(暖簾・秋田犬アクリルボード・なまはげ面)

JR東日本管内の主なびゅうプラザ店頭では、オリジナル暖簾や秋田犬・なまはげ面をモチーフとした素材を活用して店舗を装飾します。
---
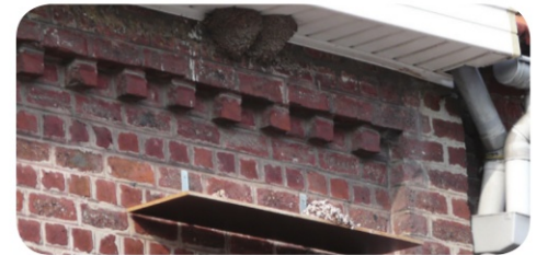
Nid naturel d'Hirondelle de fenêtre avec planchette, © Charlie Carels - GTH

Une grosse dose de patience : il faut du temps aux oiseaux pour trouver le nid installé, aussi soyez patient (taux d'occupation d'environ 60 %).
---
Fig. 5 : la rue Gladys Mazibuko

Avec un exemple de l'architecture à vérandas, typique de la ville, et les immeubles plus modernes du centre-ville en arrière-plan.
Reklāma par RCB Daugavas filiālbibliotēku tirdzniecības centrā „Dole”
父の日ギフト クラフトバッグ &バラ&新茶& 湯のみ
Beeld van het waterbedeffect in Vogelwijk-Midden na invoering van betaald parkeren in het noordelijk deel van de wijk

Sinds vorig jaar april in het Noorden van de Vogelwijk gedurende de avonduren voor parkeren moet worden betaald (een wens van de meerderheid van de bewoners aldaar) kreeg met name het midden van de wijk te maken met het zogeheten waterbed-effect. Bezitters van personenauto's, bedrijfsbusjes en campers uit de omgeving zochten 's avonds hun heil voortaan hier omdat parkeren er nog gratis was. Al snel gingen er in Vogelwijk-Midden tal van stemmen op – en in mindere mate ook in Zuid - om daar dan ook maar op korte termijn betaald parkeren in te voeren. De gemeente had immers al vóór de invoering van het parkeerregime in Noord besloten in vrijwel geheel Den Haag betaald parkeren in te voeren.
---
== Your assignment ==
Copy every line from the records above that contains the word "parkeren".

== Task answer ==
Beeld van het waterbedeffect in Vogelwijk-Midden na invoering van betaald parkeren in het noordelijk deel van de wijk
Sinds vorig jaar april in het Noorden van de Vogelwijk gedurende de avonduren voor parkeren moet worden betaald (een wens van de meerderheid van de bewoners aldaar) kreeg met name het midden van de wijk te maken met het zogeheten waterbed-effect. Bezitters van personenauto's, bedrijfsbusjes en campers uit de omgeving zochten 's avonds hun heil voortaan hier omdat parkeren er nog gratis was. Al snel gingen er in Vogelwijk-Midden tal van stemmen op – en in mindere mate ook in Zuid - om daar dan ook maar op korte termijn betaald parkeren in te voeren. De gemeente had immers al vóór de invoering van het parkeerregime in Noord besloten in vrijwel geheel Den Haag betaald parkeren in te voeren.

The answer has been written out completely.